Once we have the web API in place, we will have an endpoint that can be taken advantage of from a variety of use cases. In fact, in the next part, we’ll build a Xamarin.Forms mobile application that uses that API to control the connected coffee pot from a mobile device:
The sample code for the entire connected coffee maker project can be found in the Netduino_Samples/Connected_CoffeeMaker repo. The code that runs on the Netduino is in the ApplianceHost app folder. That’s the code we’ll be examining here.
Introducing Maple Web Server
In order to expose the web API to allow remote control of our coffee maker, we need a web server to host it. So we’re introducing a purpose-built web server for Netduino; Maple Server.
Maple is an open source, ultra-lightweight, JSON enabled, RESTful web server built specifically for Netduino devices with network capability. It’s also published as a nuget package, so it’s incredibly easy to add to your projects. We purpose-built it for Netduino; it’s incredibly simple, fast, and super easy to use. It should run without issue on the N3 Ethernet, N3 Wifi, and N2+ models.
Request Handlers
Maple web API endpoints are defined by creating custom classes that inherit from RequestHandlerBase
. Maple uses reflection to create urls based on the method names in those custom classes. It supports both the get
and post
verbs and method names must be prefixed with either one of those strings in order to be automatically made into an endpoint.
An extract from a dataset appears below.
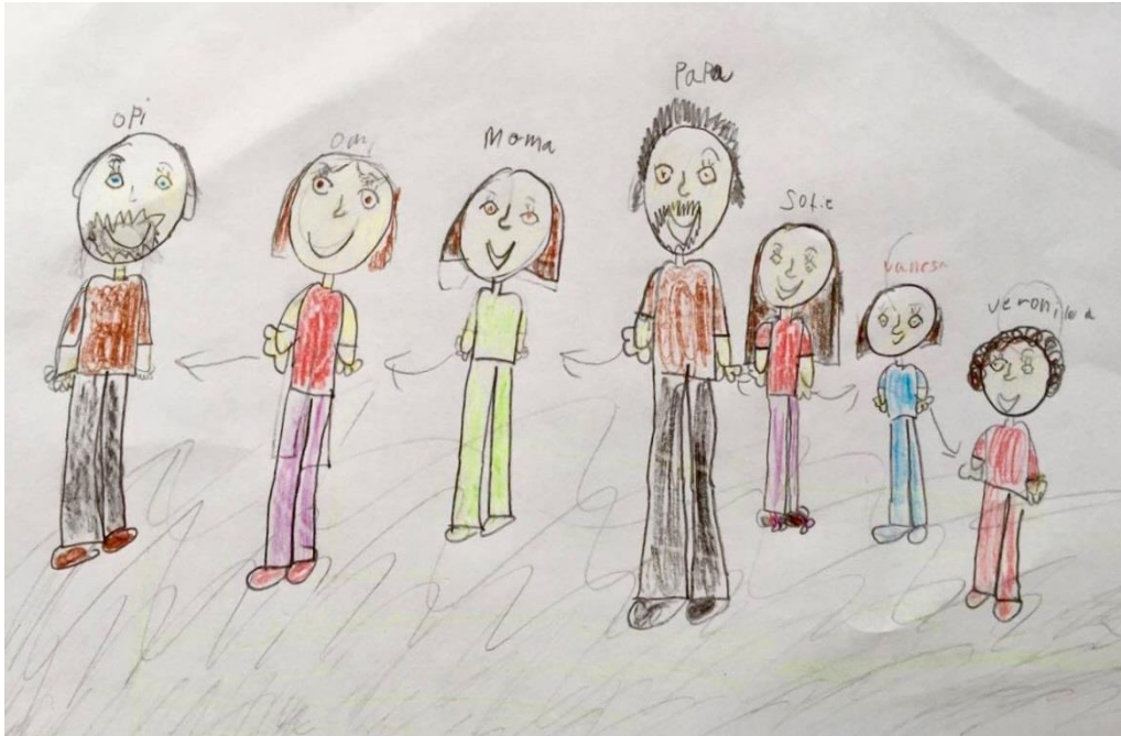
GREGERSENFJÖLSKYLDAN: TEIKNING EFTIR SOFIE GREGERSEN

For example, the following RequestHandler
class exposes three URL endpoints, /Status
, /TurnOn
, and /TurnOff
. As the method names indicate, the the Status endpoint accepts get requests, and the power control methods (TurnOn
and TurnOff
) are posts:
using System;
using Microsoft.SPOT;
using Maple;
using System.Net;
using System.Collections;
namespace ApplianceHost
{
public class RequestHandler : RequestHandlerBase
{
private static bool _isPowerOn;
public RequestHandler(HttpListenerContext context) : base(context)
{
}
public void getStatus()
{
StatusResponse();
}
public void postTurnOn()
{
TogglePower(true);
StatusResponse();
}
public void postTurnOff()
{
TogglePower(false);
StatusResponse();
}
private void TogglePower(bool val)
{
_isPowerOn = val;
Ports.ONBOARD_LED.Write(val);
Ports.GPIO_PIN_D1.Write(val);
}
private void StatusResponse()
{
this.Context.Response.ContentType = "application/json";
this.Context.Response.StatusCode = 200;
Hashtable result = new Hashtable {
{ "isPowerOn", _isPowerOn.ToString().ToLower() }
};
this.Send(result);
}
}
}
When those endpoints are invoked, the appropriate method is called. In the case of our control server; the getStatus
method returns a JSON formatted message containing the current on/off state of the relay, the postTurnOn
method turns the relay on, and the postTurnOff
method turns the relay off. postTurnOn
and postTurnOff
also keep the onboard LED in synch with the power to the relay as an indicator.
The Ports
have been defined in the ports.cs
class, which provide shortcuts to the OutputPort
objects which represent the onboard LED, and digital pin 1, which controls the relay:
using System;
using Microsoft.SPOT;
using Microsoft.SPOT.Hardware;
using SecretLabs.NETMF.Hardware.Netduino;
namespace ApplianceHost
{
static class Ports
{
static Ports()
{
ONBOARD_LED = new OutputPort(Pins.ONBOARD_LED, false);
GPIO_PIN_D1 = new OutputPort(Pins.GPIO_PIN_D1, false);
}
public static OutputPort ONBOARD_LED;
public static OutputPort GPIO_PIN_D1;
}
}
Using Maple, that’s all the code that’s needed to expose a modern, RESTful web API from a Netduino!
Network Initialization
Unlike traditional desktop or mobile applications in which the network interface has long been initialized by the time an app is run, you must first initialize the network interface and wait for it to get it’s IP address, etc., before attempting to do any network access. As such, before Maple Server is started, these tasks but be executed and waited on.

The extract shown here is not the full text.